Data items

**********

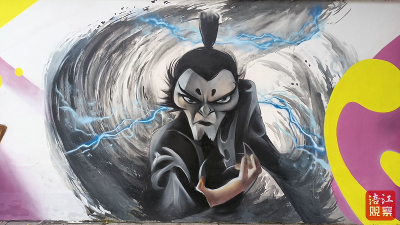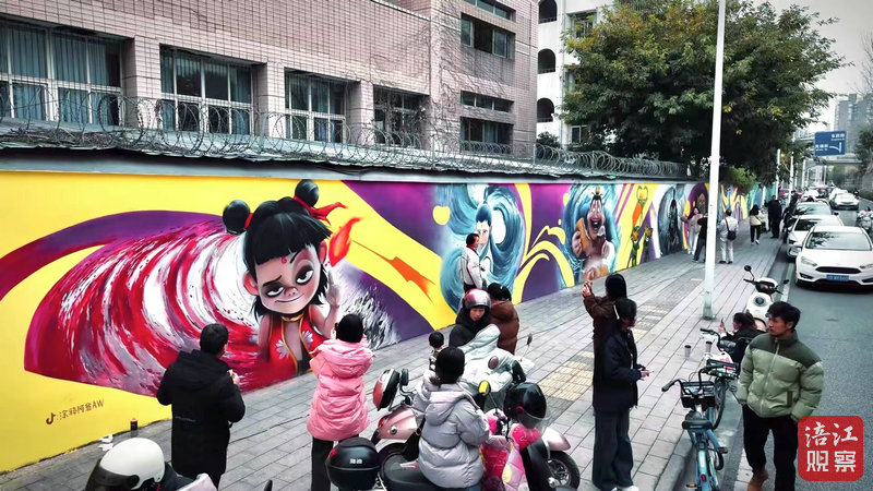 “左半幅集中描畫的是‘哪吒鬧海’的群像,右半幅則突出了李白的青年、中年、老年三個(gè)人生階段,以及他旅途中結(jié)識的摯友!”涂鴉發(fā)起人翁楚健認(rèn)為,江油既是“哪吒祖庭”,也是“李白故里”,讓兩位千古名流“同框”,是他們團(tuán)隊(duì)對江油“崇文尚武”淳樸民風(fēng)的解讀。
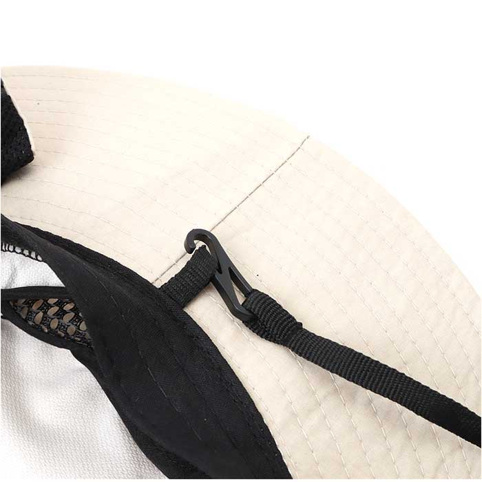 ・取り外し可能なあご紐付き。ドローコードで調節でき、吹き飛ばされることなく迷子知らず。
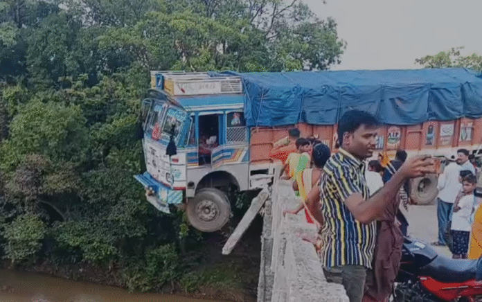 Giridih : गिरिडीह जिले के भरकट्टा ओपी क्षेत्र के खुरजीयो-ईरगा नदी पुल पर बड़ा हादसा टल गया। शराब के नशे में धुत ट्रक चालक ने नियंत्रण खो दिया। ट्रक पुल की रेलिंग से टकराया और उसका अगला हिस्सा नदी की ओर लटक गया। घटना के बाद वहां भारी संख्या में लोगों की भीड़ जमा हो गई।
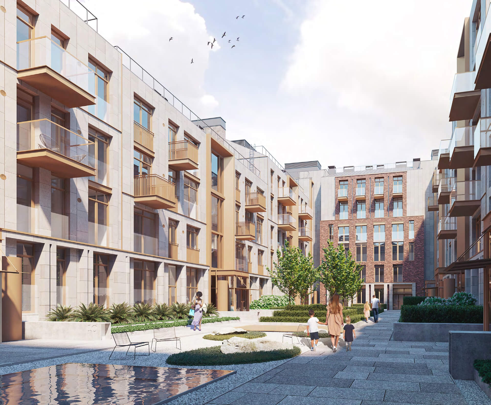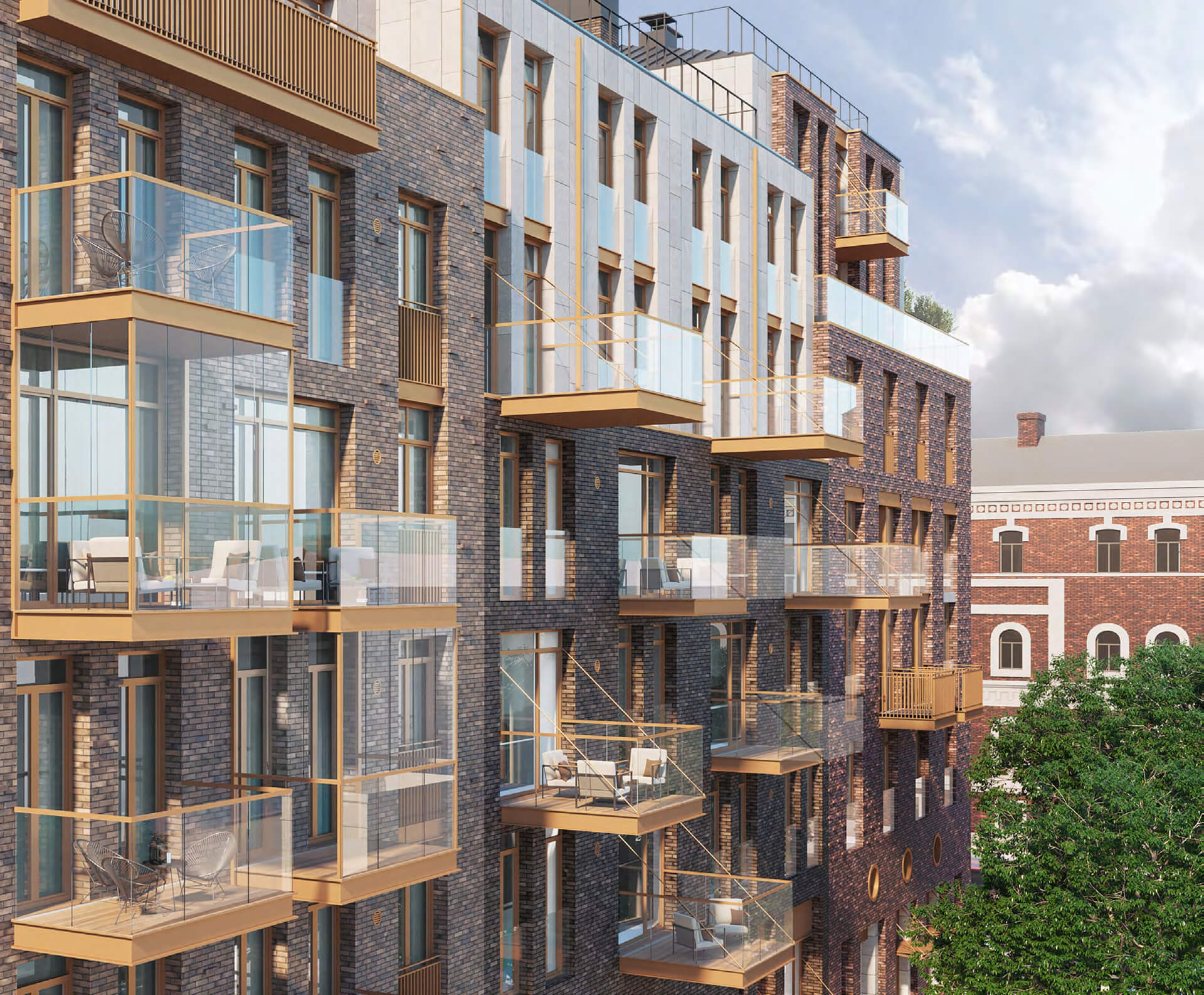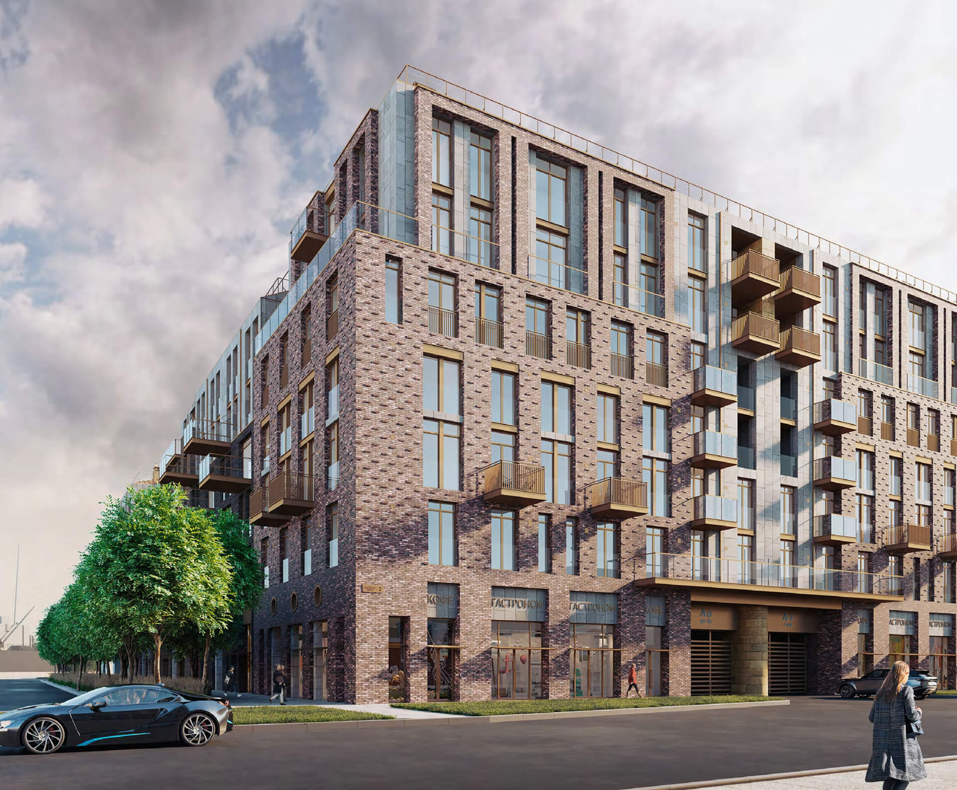Архитектурно–градостроительная концепция сочетает классику и современность: фасады из клинкера и натурального камня, «парящие» балконы и французские окна создают динамику объемов и много света. Интерьеры холлов выполнены с премиальной отделкой — дизайнерское освещение, двухуровневые входные группы с эскалаторами и лаунж-зоны усиливают впечатление роскоши и комфорта.
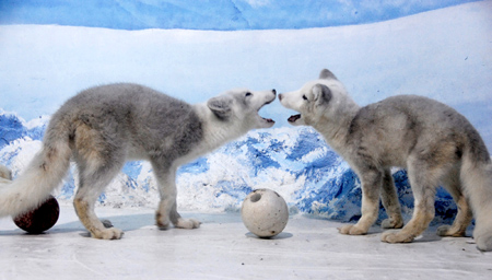 Two Arctic foxes (Alopex lagopus) make their debut at the Polar Aquarium in Harbin, Northeast China's Heilongjiang Province, August 7, 2007. [Xinhua]
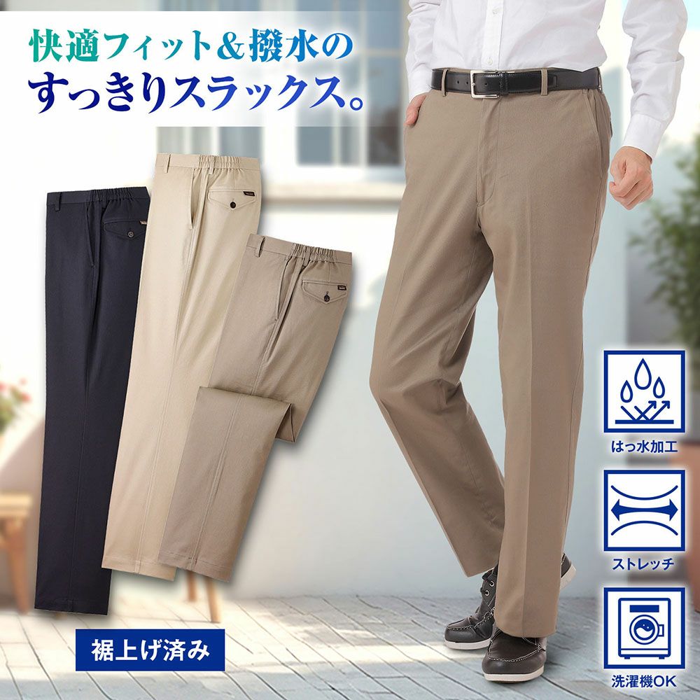 メンズ/裾上げ済み/撥水脇ゴムスラックス
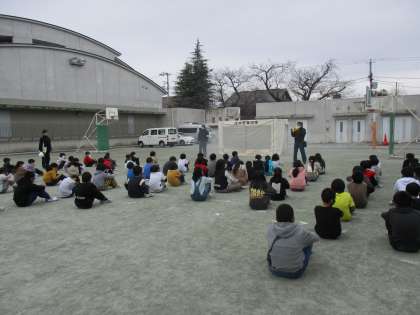 放送機器が使えない想定で行いましたが、落ち着いて静かに移動することができていました。
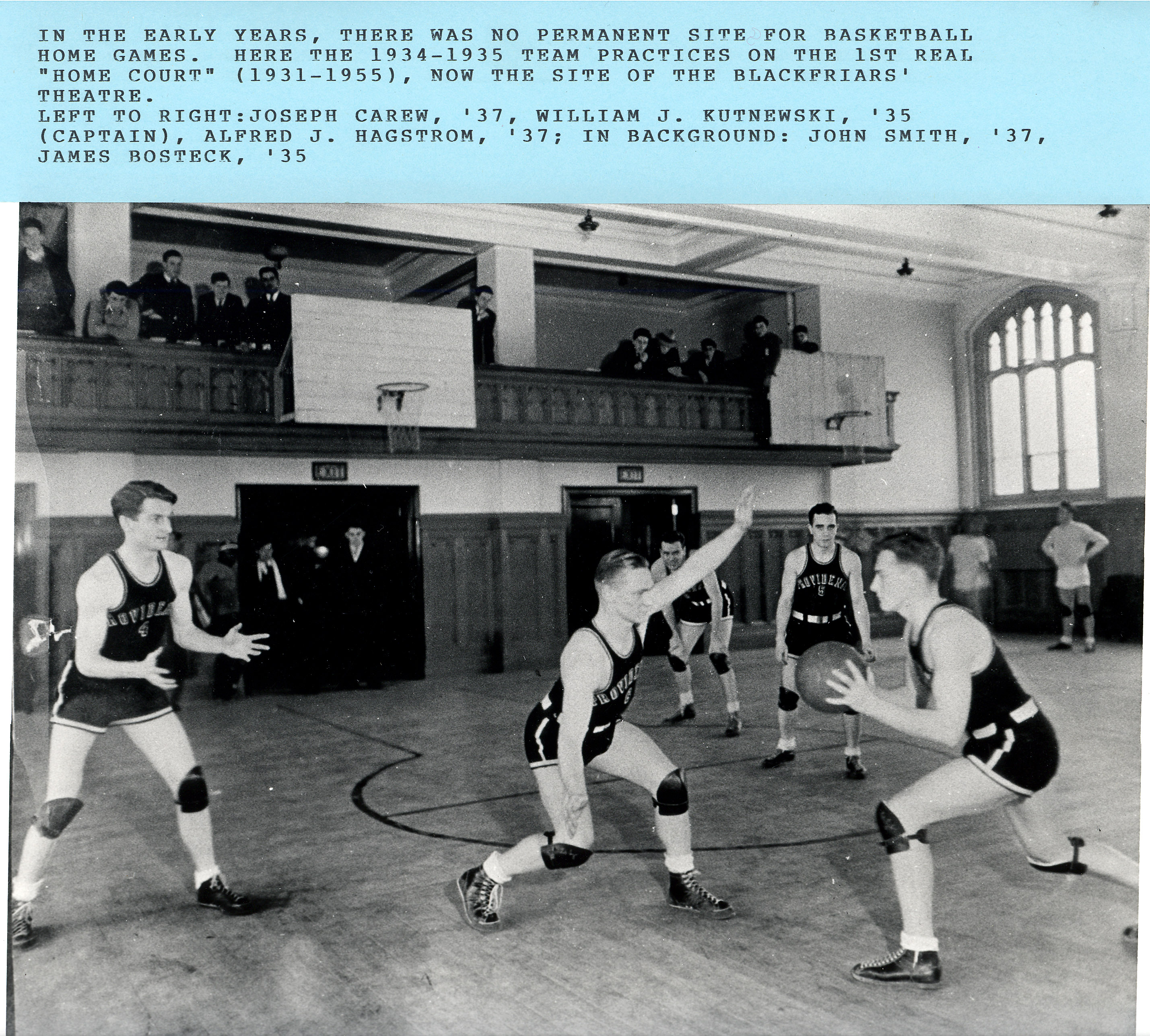 The 1934–1935 basketball team practicing in a gym with wooden floors, and spectators on an upper balcony.
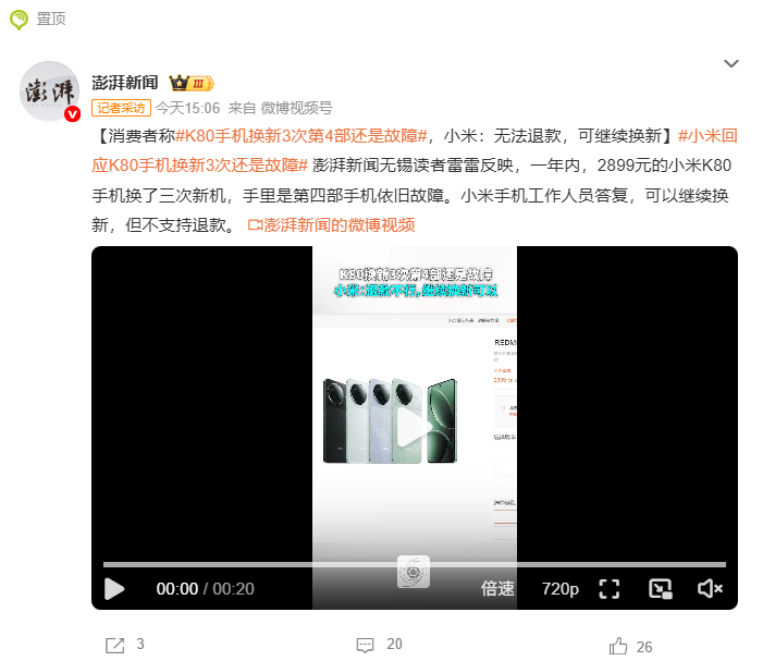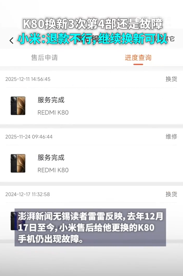 2025年12月16日,据澎湃新闻报道,近日,无锡消费者反映,花费2899元购买的小米K80手机在一年内连续更换三次新机后,到手的第四部手机仍出现故障。
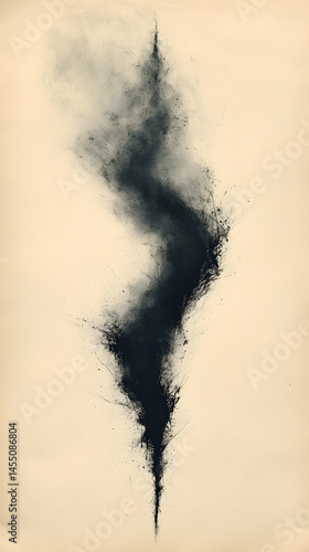 Abstract artwork depicting a dark, smoky, vertical form resembling an elongated, twisting plume against a pale background

**********

Aim of the task: Restate word for word only the lines that run from the line holding "2025年12月16日,据澎" to the end of the data, both ends kept, leaving every picture out.

Solution to this exercise:
 2025年12月16日,据澎湃新闻报道,近日,无锡消费者反映,花费2899元购买的小米K80手机在一年内连续更换三次新机后,到手的第四部手机仍出现故障。
 Abstract artwork depicting a dark, smoky, vertical form resembling an elongated, twisting plume against a pale background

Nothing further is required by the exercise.